Intelligence Theories: From IQ Testing to Multiple
From Spearman's g-factor to Gardner's multiple intelligences and Sternberg's triarchic theory, compare 7 models of intelligence.


From Spearman's g-factor to Gardner's multiple intelligences and Sternberg's triarchic theory, compare 7 models of intelligence.
Intelligence theories try to define and measure how learners think (Gardner, 1983). Some theories, like Gardner's, suggest many types of intelligence, not just one score. Teachers can use different activities to engage learners' various strengths. Recognising strengths builds learner confidence and inclusion (Sternberg, 1985).
This connects to the wider context of fundamental theories of learning in modern classroom practice.
Intelligence is a well-studied idea in psychology. IQ tests used to measure logic and language skills. Now, research sees intelligence as complex.
Spearman and Gardner offer useful learning frameworks. We examine intelligence theories and classroom use.
IQ tests measure intelligence, focusing on logic, maths, and language. Critics say this is too narrow (Gardner, 1983). The tests might miss other key intelligences, especially for learners with special needs (Sternberg, 1985).
Multiple Intelligences Theory approaches" loading="lazy">Gardner (1983) said learners have varied intelligences. These intelligences show that learners process information in different ways. Teachers can view Gardner's (1983) ideas as one way to understand intelligence.

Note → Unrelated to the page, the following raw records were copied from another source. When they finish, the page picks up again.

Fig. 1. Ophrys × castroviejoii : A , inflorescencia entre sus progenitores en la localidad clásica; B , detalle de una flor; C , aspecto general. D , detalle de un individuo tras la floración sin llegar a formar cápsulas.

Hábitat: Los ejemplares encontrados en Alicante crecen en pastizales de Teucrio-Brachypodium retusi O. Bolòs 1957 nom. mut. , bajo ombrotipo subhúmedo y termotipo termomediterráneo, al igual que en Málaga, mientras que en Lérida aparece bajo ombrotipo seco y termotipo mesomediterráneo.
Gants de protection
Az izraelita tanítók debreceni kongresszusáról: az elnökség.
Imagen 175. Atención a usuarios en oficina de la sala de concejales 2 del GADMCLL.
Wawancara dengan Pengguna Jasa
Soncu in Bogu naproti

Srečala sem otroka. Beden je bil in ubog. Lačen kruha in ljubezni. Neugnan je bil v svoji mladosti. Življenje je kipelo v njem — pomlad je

Cognitive skills include intelligence, and executive functions are key parts of them. We suggest a combined perspective helps teachers understand learners. This approach may help learners succeed.
Gardner's (1983) multiple intelligences theory offers other ways to think about intelligence. Sternberg's (1985) triarchic theory includes practical and creative intelligence. Together, these views give a more detailed picture than traditional IQ tests. Further research can benefit every learner.

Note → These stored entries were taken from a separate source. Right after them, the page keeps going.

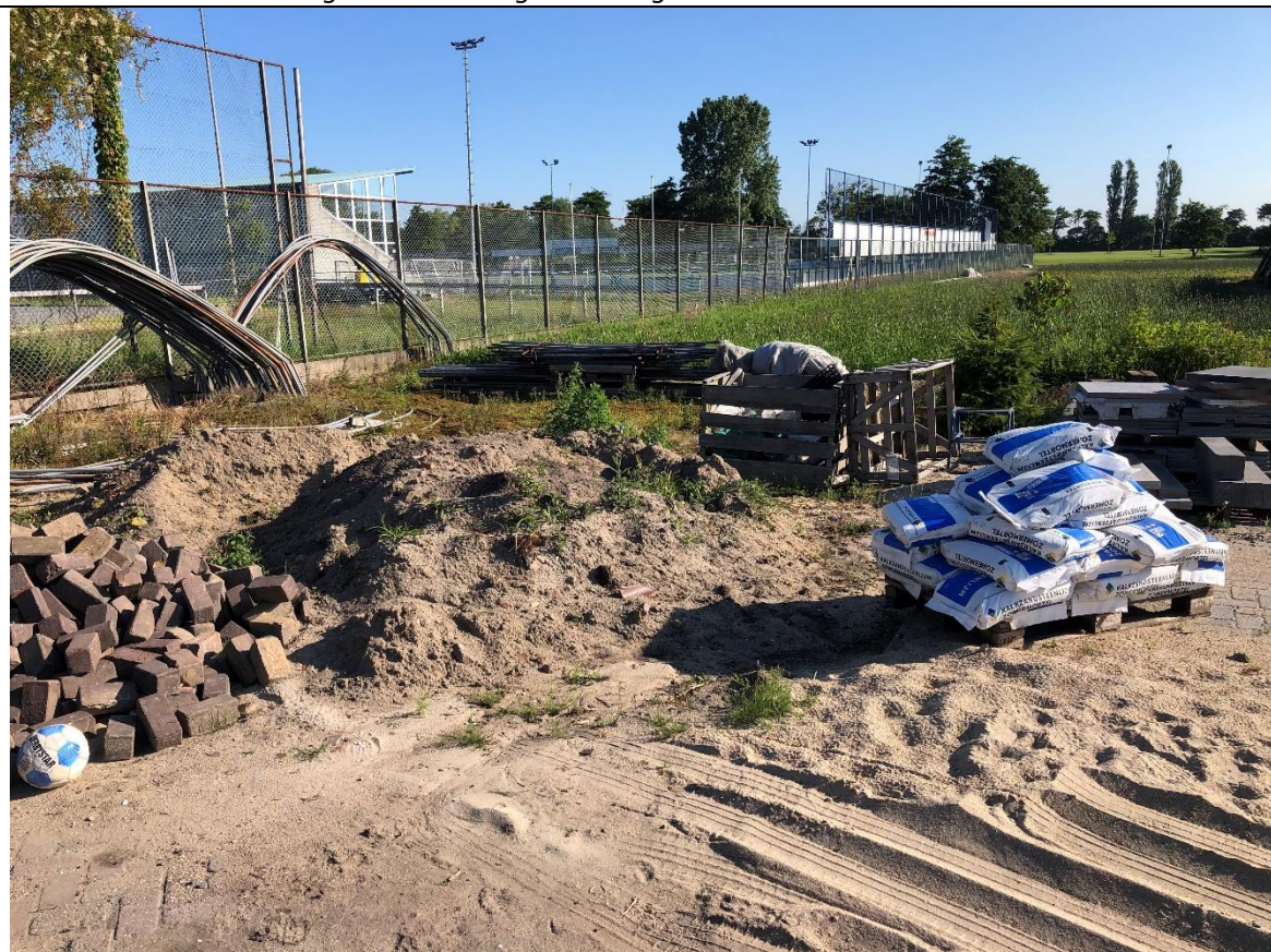
Achter de drie afgezette stukken terrein liggen stenen, een berg zand, kalkzandsteenmortel en straattegels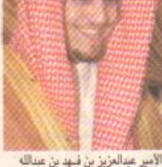
الأمير عبدالعزيز بن فهد بن عبدالله

الأهلية ولجنة برنامج الأمير محمد بن فهد لتأهيل وتوظيف الشباب السعودي. وقد أعرب سمو الأمير عبدالعزيز بن فهد بن عبدالله عن شكره لصاحب السمو الملكي أمير المنطقة الشرقية علي ثقة سموه سائلًا الله التوفيق ليكون عند حسن الظن.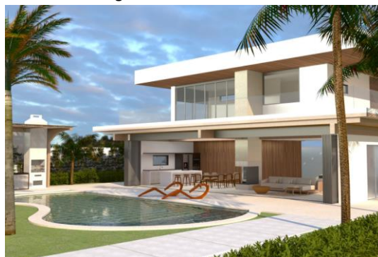
Figura 8 – TCC – Casa Brisa

O projeto da Casa Brisa em Arraial do Cabo, Rio de Janeiro, propôs uma arquitetura residencial unifamiliar de alto padrão, utilizando conceitos do regionalismo crítico, otimização de recursos arquitetônicos e preservação das características naturais da região. No projeto foi enfatizada a integração dos ambientes internos com o espaço externo. Dentre os materiais modulares empregados estão os painéis de CLT ( Cross-Laminated Timber ) desempenham um papel importante na construção, pois são versáteis e permitem a criação de edifícios para diversos usos, além de permitir modificações quando necessárias. Eles podem ser combinados com outros materiais construtivos, como estruturas metálicas e de concreto, oferecendo flexibilidade e liberdade de design arquitetônico.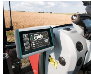
ISOBUS-Terminal für Traktoren und selbstfahrende Arbeitsmaschinen

Spearman's (date unspecified) g factor says a general ability (g) affects all thinking. Learners good at one cognitive test often do well on others. This suggests one underlying intelligence, Spearman believed. It underpinned traditional IQ tests.
Spearman (1904) said intelligence has two factors. The g-factor means general intelligence affects many areas. The s-factor shows specific intelligence (Spearman, 1904).

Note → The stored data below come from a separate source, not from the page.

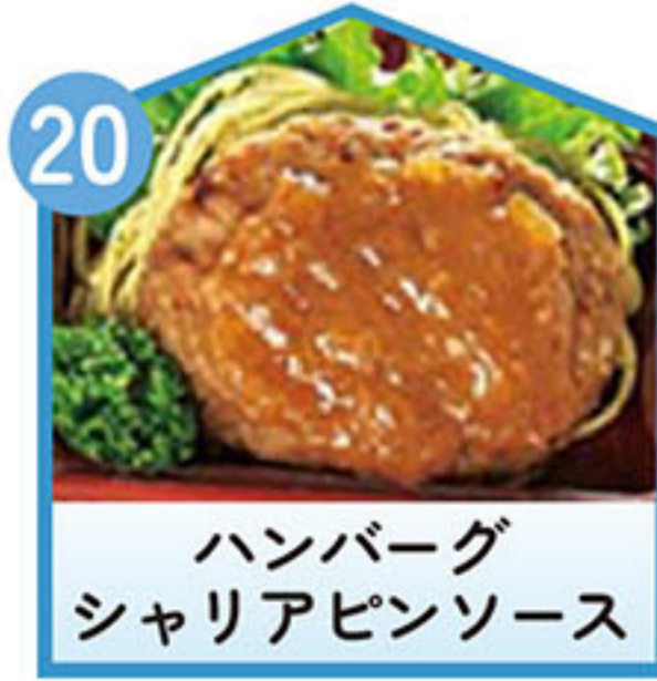
ハンバーグ シャリアピンソース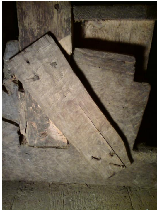
Bild nr. 2 Lagning av kyrkbänk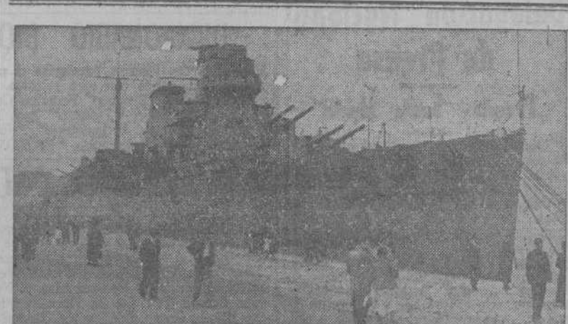
El crucero "Canarias" atracado al muelle de Méndez Núñez.

BARCELONA 20.—El capitán general de la cuarta región, teniente general Moscardó, ha expresado su satisfacción y a la vez su felicitación, al personal de la Jefatura Superior de Policía por el éxito obtenido al detener totalmente a la banda de atracadores que actuaba desde hace algún tiempo. Como autoridad militar encargada de sancionar esta clase de delitos—dice el general Moscardó—mi satisfacción obedece no sólo a la detención efectuada de estos maleantes y a la rapidez y agudeza con que ha funcionado la Policía, sino también a la colaboración prestada por cuantas personas han podido aportar algún dato para esclarecer los hechos. No solamente no han rehusado prestar declaración, sino que han contribuido espontáneamente. Es deber de todos contribuir al esclarecimiento de estos delitos que tanto turban la paz a que tiene derecho la población honrada y trabajadora de Barcelona. El capitán general terminó diciendo que el proceso con carácter sumarisimo está a punto de verse en Consejo de guerra.—(CIFRA).

Spearman says the g-factor reflects overall intelligence. This intelligence affects a learner's performance in cognitive tasks. Learners use it to reason and solve problems (Spearman, 1904). It also helps them understand complex information.
Spearman (1904) suggested the s-factor alongside the g-factor. The s-factor means task-specific skills, such as talent in music or sports. This factor is separate from general intelligence. It shows more specialised abilities.
Spearman (1904) used factor analysis. This method explores how variables correlate. He tested intelligence scores from many learners. This revealed links with working memory.
Spearman (1904) saw test scores correlate. This suggested a general factor (g-factor) shapes abilities. This factor underlies verbal, maths and spatial skills for each learner.
Spearman (1904) suggested a two-factor theory of intelligence. The g-factor reflects general cognitive skills. The s-factor shows specific skills learners have (Spearman, 1904). Teachers can use this model to vary lessons.

Gardner (1983) originally identified seven intelligences, including linguistic and spatial; he later expanded the list to eight with naturalist intelligence in Intelligence Reframed (Gardner, 1999). Learners process information in diverse ways. Teachers can recognise strengths and adjust their teaching. Use it as a starting point for professional discussion: identify the learner's current need, record evidence from more than one lesson, and agree the next classroom adjustment with the SENCO or family.
Gardner (1983) changed how we see intelligence. He felt tests only on logic and language limit learners. Gardner (1999) said intelligence involves diverse skills.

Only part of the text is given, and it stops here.